Suppose that 25.0 mL of 0.100 M CH_3COOH (aq) is titrated with 0.100 M NaOH (aq). For acetic acid, K_a = 2.62 times 10^-4. What is the initial pH of the 0.100 M CH_3COOH (aq) solution? What is the pH after the addition of 10.0 mL of 0.100 M NaOH (aq)?

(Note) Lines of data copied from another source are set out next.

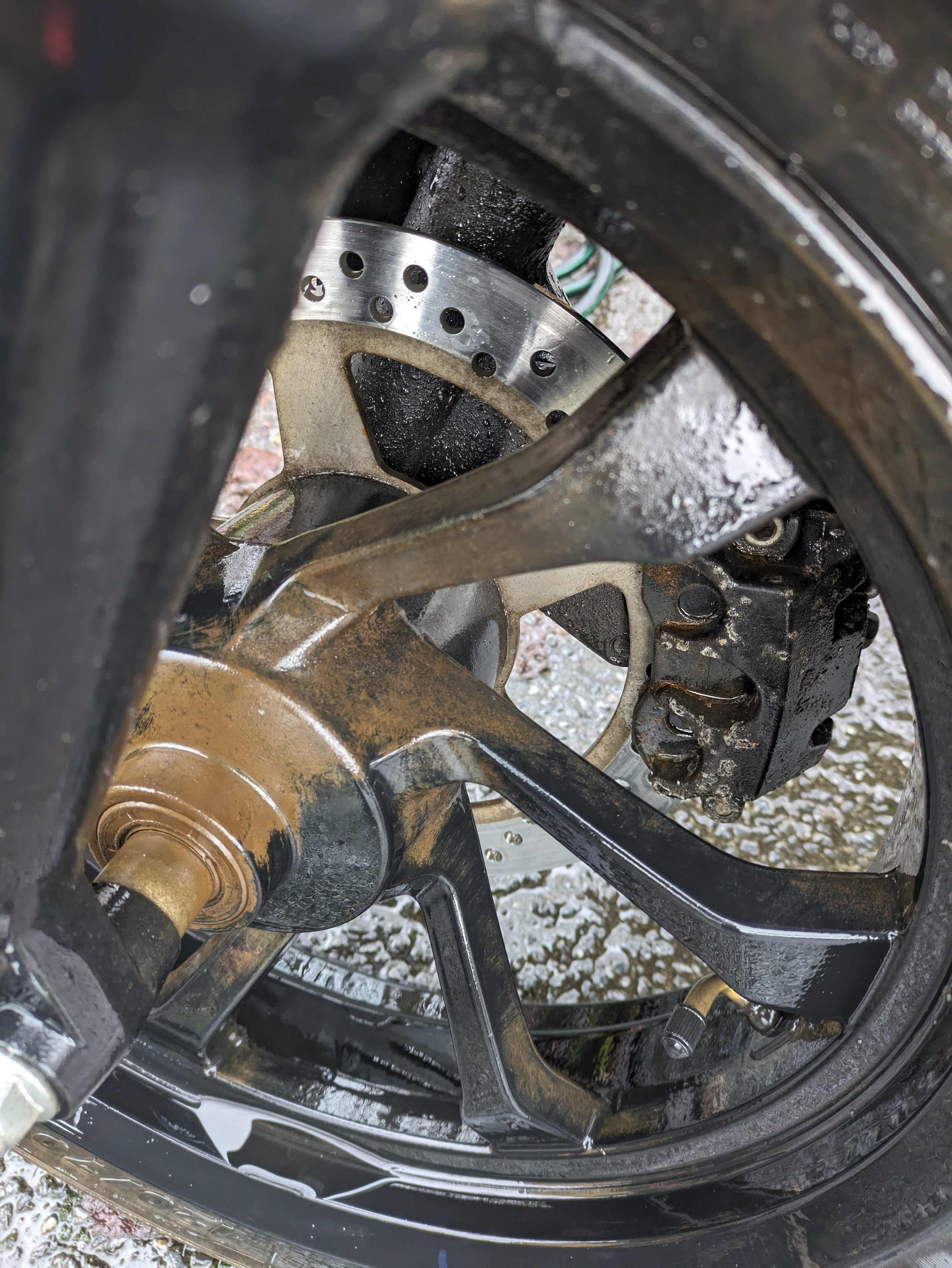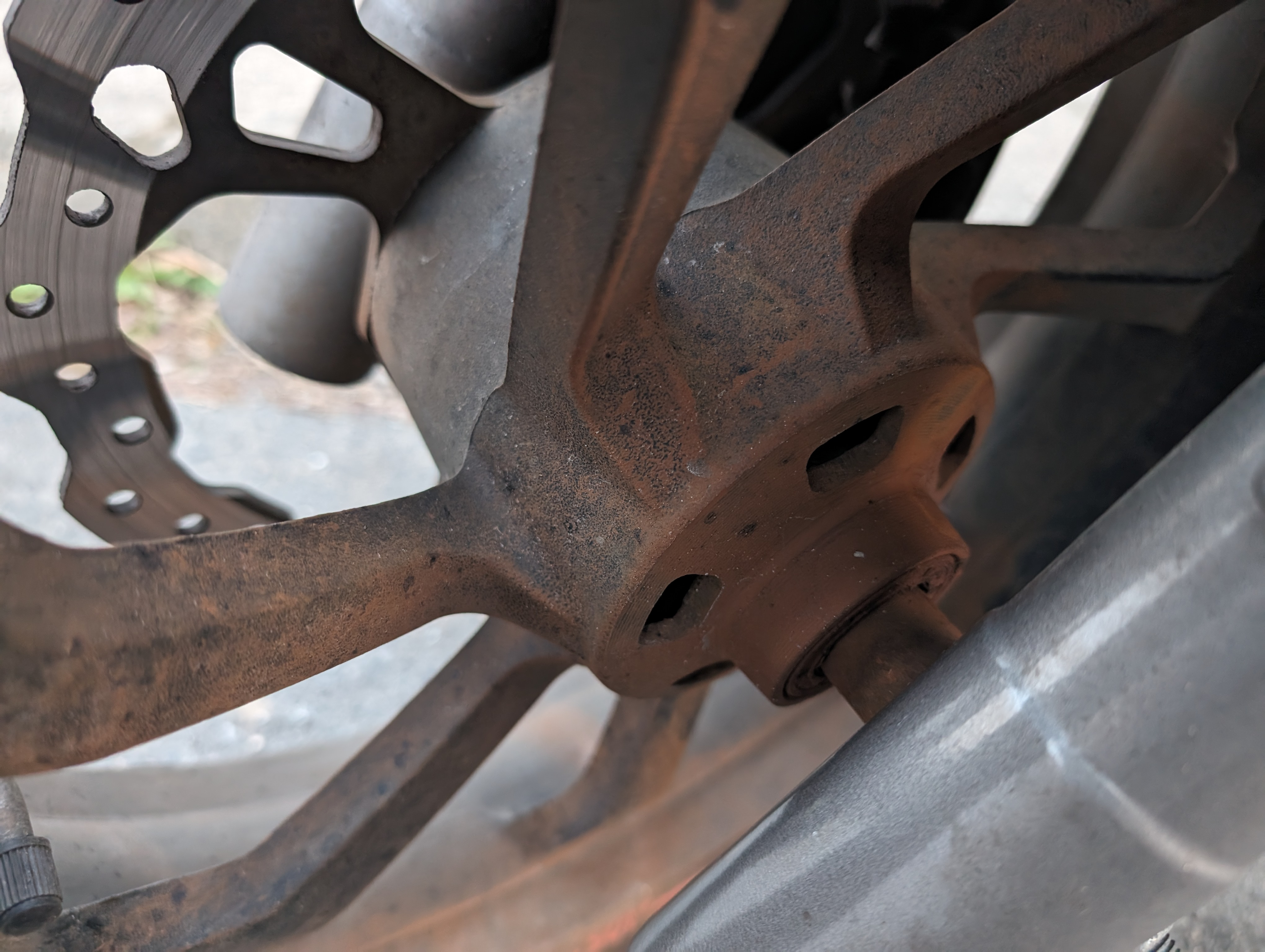 Der Kollege im Suzuki Autohaus meinte, das dies auf einen Schaden im Lager hindeuten könnte. Da die Gabel selbst und das Rad Alu seien und nicht so rosten sollten.
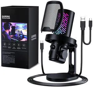 USB Microphone, Computer Condenser Mic with Noise Cancellation, Echo Mode, RGB Lighting, Mute Button, Plug & Play Gaming Mic for PC, Mac, PS5, Streaming, Recording, Podcasting & Online MeetingsBrand: LRUFOBColor: BlackConnector: USB Type-CMicrophone Sensitivity: -45 decibelsModel #: 821051352182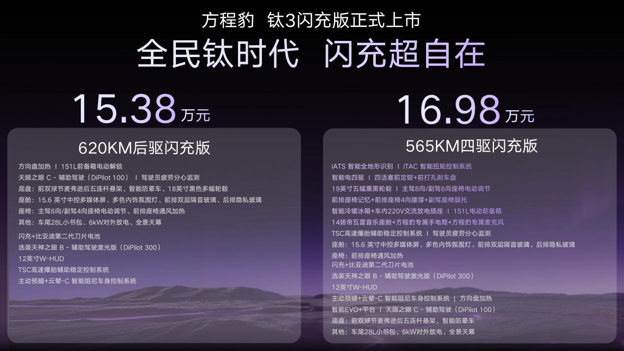 现场公布售价:620km后驱闪充版15.38万元,565km四驱闪充版16.98万元,定价颇具竞争力。
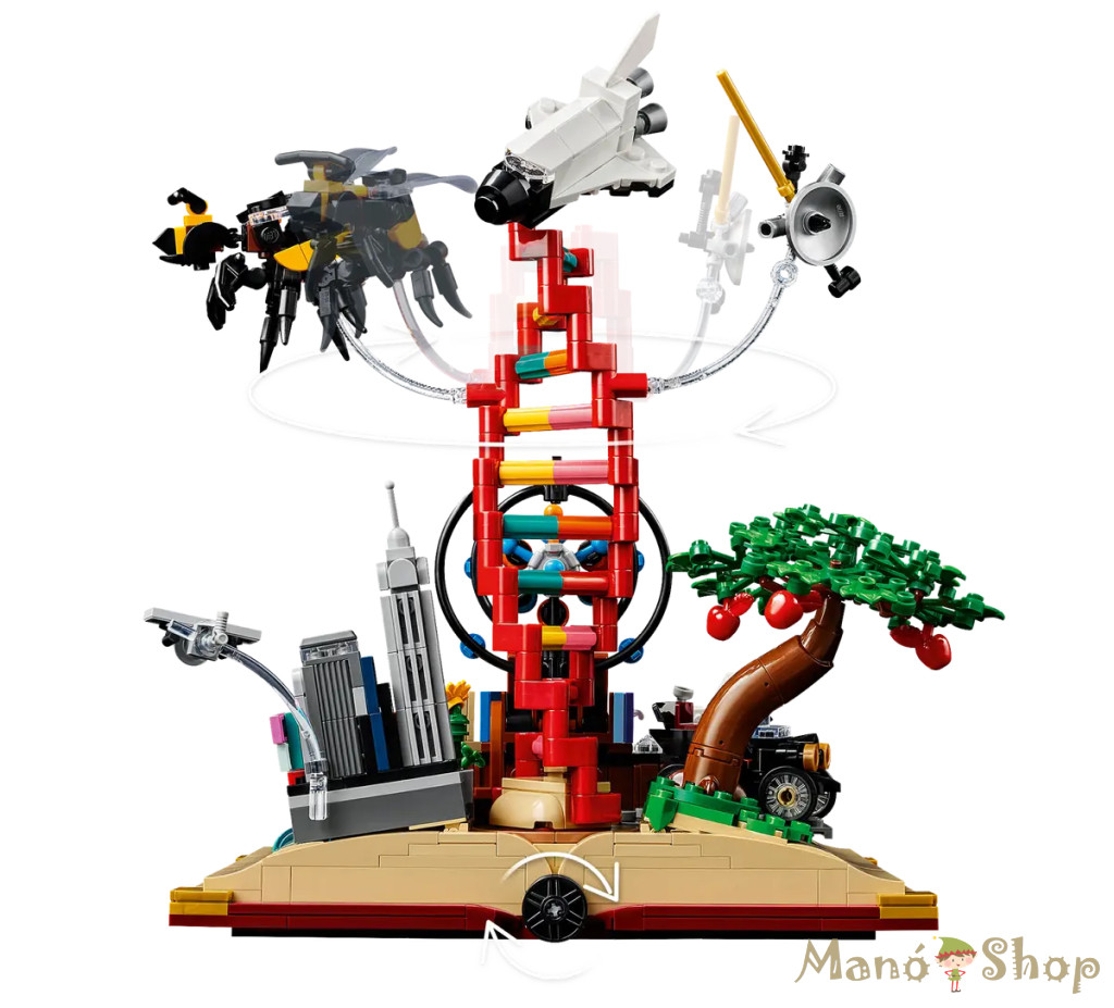 Lapozd fel a STEM tudományágak (természettudományok, technológia, mérnöki tudományok és matematika) fejlődésének kockákból épült könyvét ezzel a felnőtteknek készült, gyűjthető és kiállítható LEGO® Ideas modellel (21355)! Egy inspiráló tudományos ajándék nőknek, férfiaknak és történelemrajongóknak, hiszen a szett tartalmaz egy nyitott könyv formájú, megépíthető alaplapot, amelyen a történelmi felfedezéseket megörökítő miniépítmények kapnak helyet. Építs egy régi autót, egy asztali számítógépet, vagy rakd össze a NASA Voyager-program űrszondáját az arany lemezjátszóval, és kutasd a földön kívüli életet! De ez még nem minden! Forgasd el a gombot, hogy felemelkedjen a szénatom 3D-s modellje és hogy forogjon a DNS-spirál. A szett 3 híres tudós LEGO minifiguráját is tartalmazza: Marie Curie (née Skłodowska), az első ember, aki 2 Nobel-díjat is nyert; Sir Isaac Newton, akinek a nevéhez fűződik az egyetemes tömegvonzás törvénye; és George Washington Carver, aki mezőgazdasági szakértőként vált úttörővé. Keresd az építési útmutatót a dobozban vagy a LEGO Builder alkalmazásban, hogy végigkísérjen a STEM tudományágak történetében tett, izgalmakkal teli, kreatív utazáson! 879 elemből áll. Tudományos ajándék nőknek, férfiaknak és történelemkedvelőknek – Ünnepeld a természettudományok, a technológia, a mérnöki tudományok és a matematika mérföldköveit a gyűjthető LEGO® Ideas A STEM tudományágak fejlődése kiállítható modellel! 3 híres tudós LEGO® minifigurája – Marie Curie (née Skłodowska), a „modern fizika anyja”, Sir Isaac Newton, a tudományos forradalom vezéralakja, George Washington Carver, a mezőgazdasági tudományok úttörője Gyűjthető és kiállítható modell felnőtteknek – A megépíthető alaplap egy nyitott könyvet formáz, amelyre számos miniépítmény kerül, például Newton almafája, Carver növényágyása, egy űrsikló vagy egy robotkar Szórakoztató jellemzők – Fordítsd el a gombot, hogy felemelkedjen a szénatom 3D-s másolata, és hogy forogjon a DNS-spirál, majd nézd meg a morzejelekkel kódolt üzenetet, a NASA Voyager-űrszondáját az arany hanglemezzel, és ez még nem minden! Ajándék a természettudományok és a történelem rajongóinak – Lepd meg saját magad, vagy ajándékozd ezt a LEGO® modellkészletet egy másik felnőttnek, aki imádja a STEM tudományágakat vagy a történelmet Egy segítő kéz – Nézd meg az építési útmutatót a LEGO® Builder appban vagy a dobozban található füzetben, amelyben interjúkat is olvashatsz a szett rajongó tervezőjével és a LEGO Ideas tervezőkkel A LEGO® rajongók választása – Ez a felnőtteknek szánt, gyűjthető építőszett része a LEGO Ideas szettek választékának, amelyek mindegyikét rajongó tervezők készítették, LEGO rajongók szavazták meg, a LEGO Csoport pedig megvalósította Természettudományok ihlette lakásdekoráció – A 879 darabból álló LEGO® szett 27 cm magas, 23 cm széles és 19 cm mély

What volume of 0.100 M NaOH (aq) is required to reach halfway to the stoichiometric point? Please calculate the pH at that halfway point. What volume of 0.100 M NaOH (aq) is required to reach the stoichiometric point? Please calculate the pH at the stoichiometric point.

Explanation / Answer

a)

initially:

HA <-> H+ + A-

Ka = [H+][A-]/[HA]

2.62*10^-4 = x*X/(0.1-x)

x =[h+] = 0.00498

pH = -log(0.00498) = 2.30

b)

pH after

mmol of base = MV = 10*0.1 = 1 mmol of base

mmol of acid = MV = 25*0.1 = 2.5 mmol of acid

after reaction

mmol of acid left = 2.5 - 1 = 1.5 mmol

mmol of conjguate formed= 0 +1 = 1

this is a buffer

so

henderson hasselbach equation

pH = pKa + loG(A-/HA)

pKa = -log(2.62*10^-4) = 3.58169

pH = 3.58169 + log(1/1.5) =3.4055

c)

forequivalence:

mmol of acid = 2.5

so we need 2.45 mmol of b ase

M = mmol/mL

mL = mmol/M = 2.5/0.1 = 25 mL of base required...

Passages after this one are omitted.